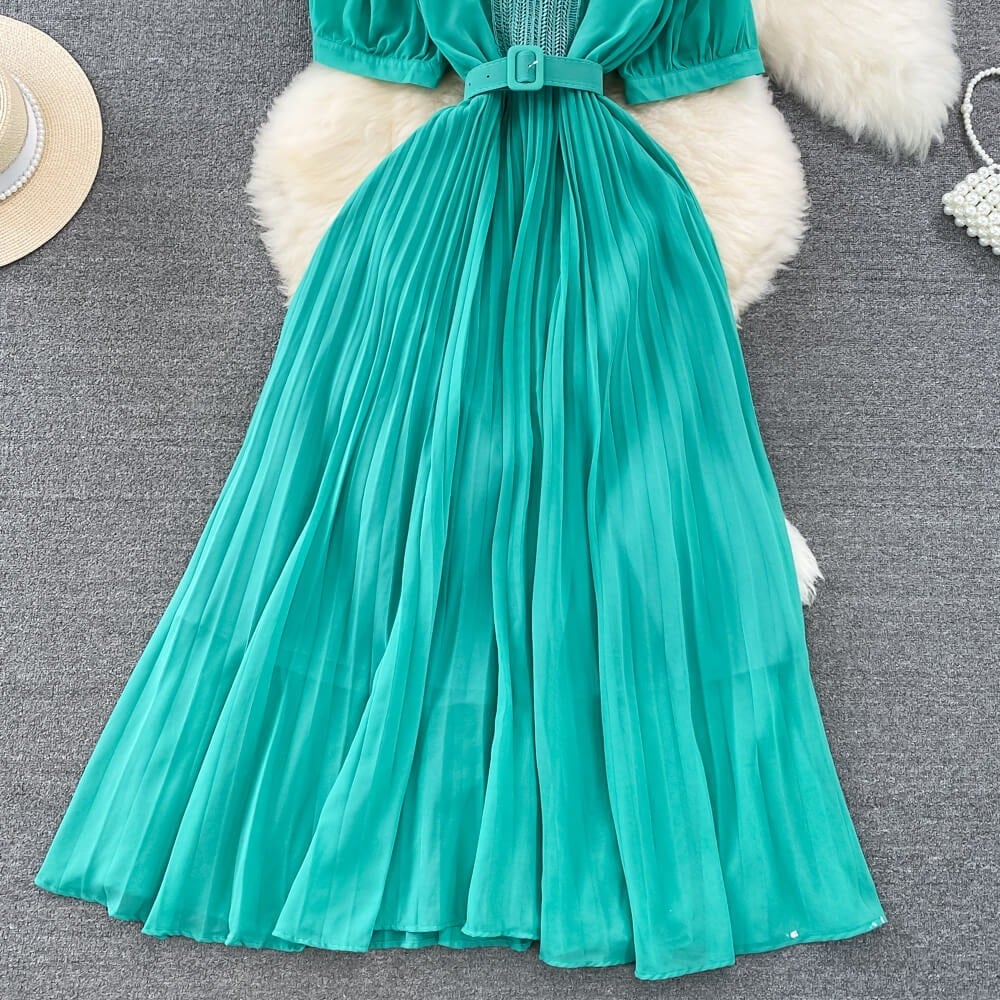 送料無料 ◆ D1924 ベルト付き スタンドネック レース 半袖 シフォン ロング ワンピース《エメラルドグリーン》 グリーン エメラルド パーティードレス フレア 上品 長袖 袖あり 鮮やかコーデ ミモレ 無地 マキシ ロング 膝下丈 女子会 パーティー ドレス シフォン ロングスリーブ フレアスカート 結婚式 上品 カジュアル お出かけ お呼ばれ 衣装 謝恩会 発表会 無地 爽やか 結婚式 2次会
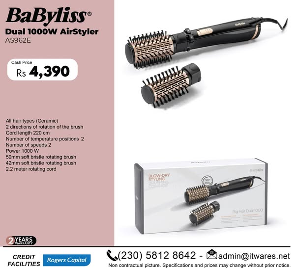 搜索关键词 Babyliss hair clipper, Babyliss curling tong, Babyliss dryer, hair straightener online, hair styler Mauritius, buy hair appliances, free delivery Mauritius, Rogers Capital credit, MCB juice payment, itwares net优势 Wide range of hair styling tools available,Online shopping available,Free delivery,Multiple payment options (cash, MCB Juice, Rogers Capital Credit),Shipping to Rodrigues available
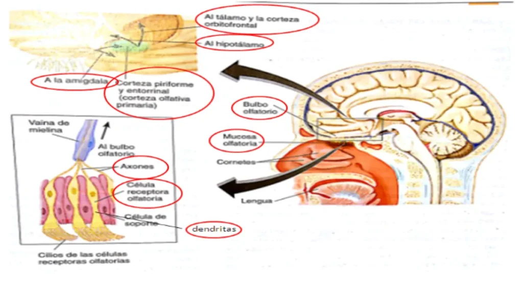Os receptores enviam terminações através da superfície da mucosa, que se dividem em cílios. As membranas desses cílios contêm receptores que detectam moléculas odoríferas dissolvidas no ar que alcançam a mucosa olfatória. Os axônios dos receptores olfatórios passam pelos orifícios da lâmina cribriforme em direção aos bulbos olfatórios, onde formam sinapses no glomérulo com os dendritos das células mitrais. Esses neurônios enviam axônios, através dos tratos olfatórios, ao cérebro, principalmente à amígdala (relacionada com as emoções), ao córtex piriforme (processamento da informação) e ao córtex entorrinal (memória, orientação e aprendizado). O hipocampo (aprendizado e memória), o hipotálamo e o córtex orbitofrontal (tomada de decisões) recebem a informação olfatória indiretamente.
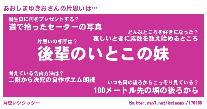| 伝説のあだ名 | 『封印されしスナイパーあおしまゆきお』 |
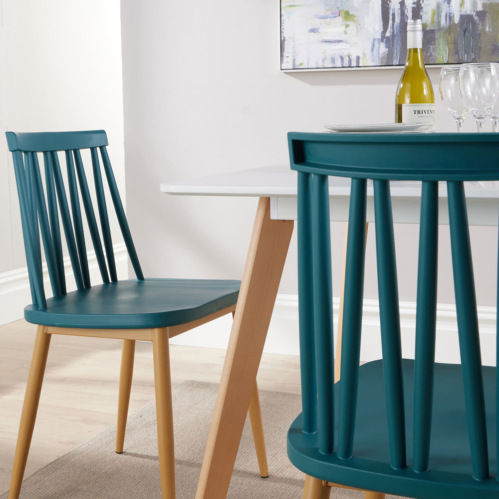 Elevate your dining experience with the Fleur Dining Table and 4 Teal Lucy Chairs, a contemporary set that combines style and functionality. The table, crafted from quality MDF and finished in a pristine white, features a clean design that complements any modern kitchen or dining area. Its wooden legs, angular and tapered, add a touch of elegance. The teal Lucy chairs, designed with a Scandi-inspired aesthetic, boast stylish tapered legs and a durable powder-coated metal base, ensuring both comfort and longevity. This set not only enhances the look of your space but also provides a perfect setting for family meals or entertaining guests.

→ **Problem details**: Copy out exactly, with no pictures, the lines of the data from the first one through the line bearing "搜索关键词 Babyliss hair".

→ **Written response**:
 送料無料 ◆ D1924 ベルト付き スタンドネック レース 半袖 シフォン ロング ワンピース《エメラルドグリーン》 グリーン エメラルド パーティードレス フレア 上品 長袖 袖あり 鮮やかコーデ ミモレ 無地 マキシ ロング 膝下丈 女子会 パーティー ドレス シフォン ロングスリーブ フレアスカート 結婚式 上品 カジュアル お出かけ お呼ばれ 衣装 謝恩会 発表会 無地 爽やか 結婚式 2次会
 搜索关键词 Babyliss hair clipper, Babyliss curling tong, Babyliss dryer, hair straightener online, hair styler Mauritius, buy hair appliances, free delivery Mauritius, Rogers Capital credit, MCB juice payment, itwares net优势 Wide range of hair styling tools available,Online shopping available,Free delivery,Multiple payment options (cash, MCB Juice, Rogers Capital Credit),Shipping to Rodrigues available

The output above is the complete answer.